I stared at the ripped piece of paper dolorously.


Regardless of my effort, I sat there, motionless, like a statue made of stone.


The last request especially sent chills up my spine.


Bright Fields Orphanage.


Huh, I haven't heard that name in a while.


My chest tightened as I placed the paper back in its original place. I rubbed my forehead back and forth as I contemplated...


The final wishes of a man.


“Ugh, damn this guy,” I mumbled. I was no genie, but these simple things...though the reason behind them hurt like hell, I had to help him. I let out a deep sigh. His life clock was ticking; maybe I was being too egocentric.


I swiftly searched for the contact ‘Elliot Blythe’ on my phone and clicked it. It vibrated as the ringing carried on. I held the phone closer to my ear, patiently waiting for a response. Seconds later, I heard a faint click and a buzzing from the other end. “Hello?” He said in a hoarse voice. “Hi- um, I know it’s like 4 am right now, but about your note-” I gave out a brittle laugh.


I felt awful for the way I’d reacted to the news, so I sincerely apologized. Undoubtedly, I also imparted my openness to whatever he had planned or wanted to do with his remaining time.
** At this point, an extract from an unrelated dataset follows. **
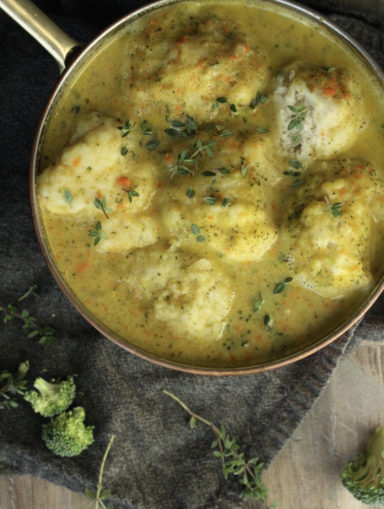Around here soup season is our favorite season by far. When the weather cools down, I always try to make at least one soup for dinner in our weekly dinner routine. Soup is just so easy, quick, and you can load it up with all the veggies you need to use up. Add some rustic bread for dipping, and you have the perfect cold weather meal. Or in this case just add some dumplings on top for a special twist!
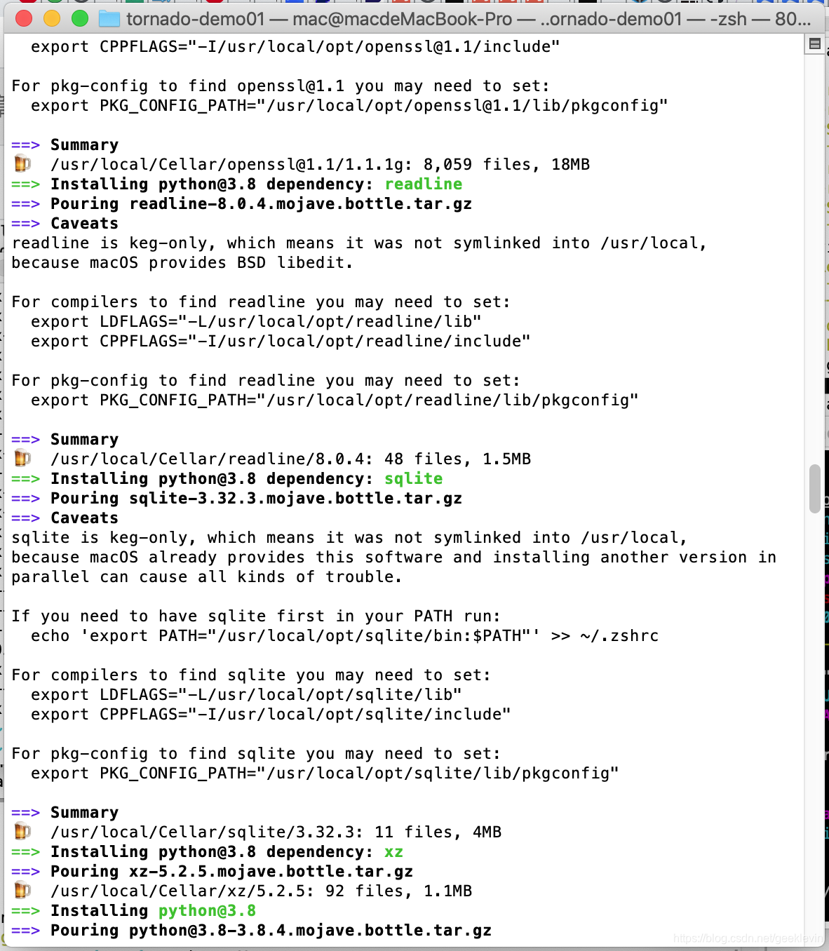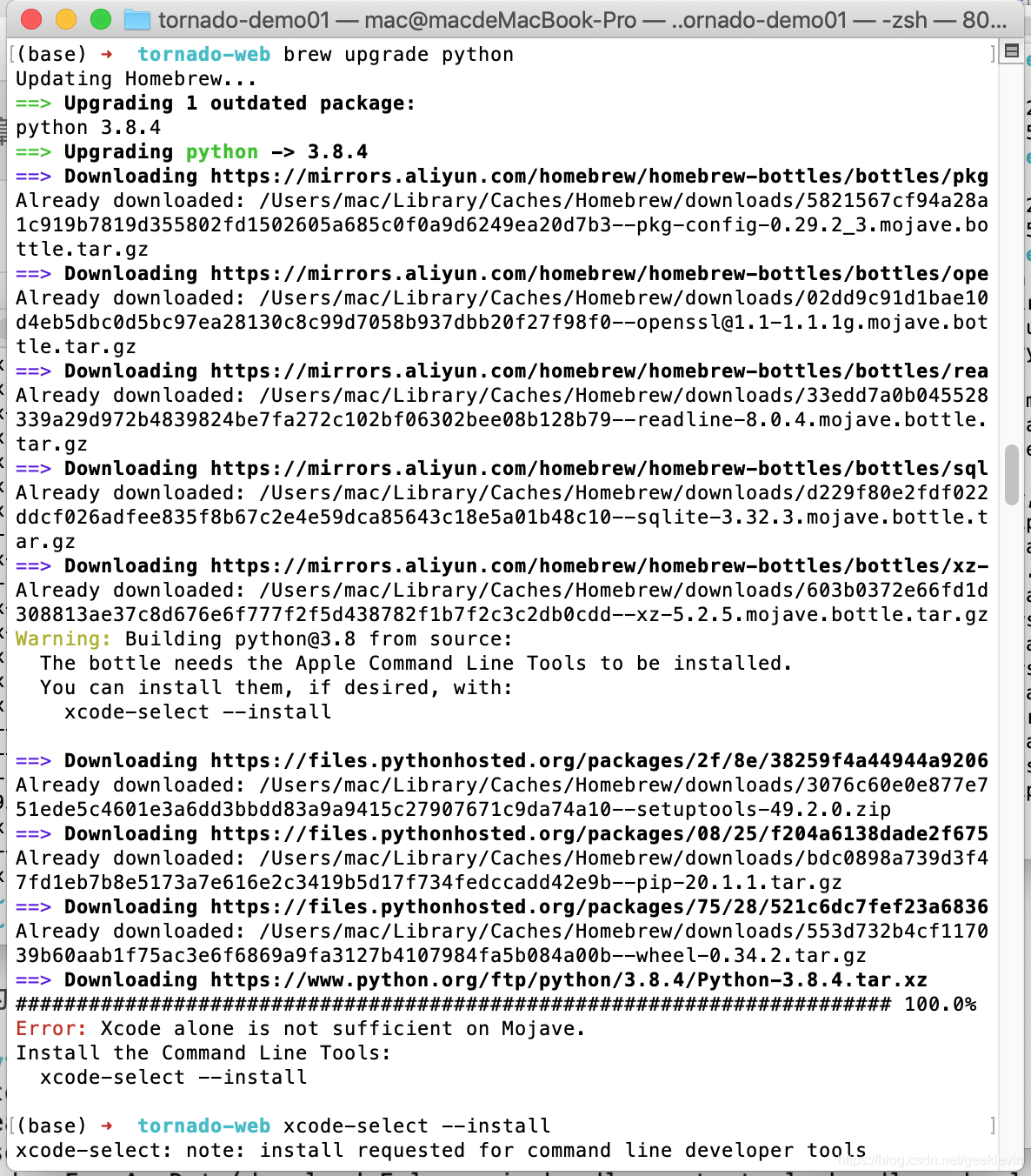 主要是brew安装新版python过程需要一些xcode的依赖。

We talked for a few minutes; however, I could hear from his voice that he was half-asleep. Ultimately, we decided to meet- up later at 9:00 am. I had no idea what his plans were, but he told me to pick him up at that time, punctually might I add. He also told me to wear something light, which hinted that we weren’t going somewhere cold anytime soon. I agreed and assured Eli that I’d pick him up as we said our temporary goodbyes.



 


CHAPTER 6: THE DRIVE



It was an odd sultry mid-morning, and I had arrived at Eli’s driveway right on time, just as he had requested. I sat on the driver’s seat of my relatively new car, restlessly tapping the steering wheel. “Where is he?” I whispered as I placed the ziplock bag of a chicken sandwich I’d eaten for breakfast in the car compartment. I stared out the window at Eli’s elegant-looking house, waiting for him to walk out the seemingly tall door. The AC was blowing harsh chilly air as the local radio played its usual songs.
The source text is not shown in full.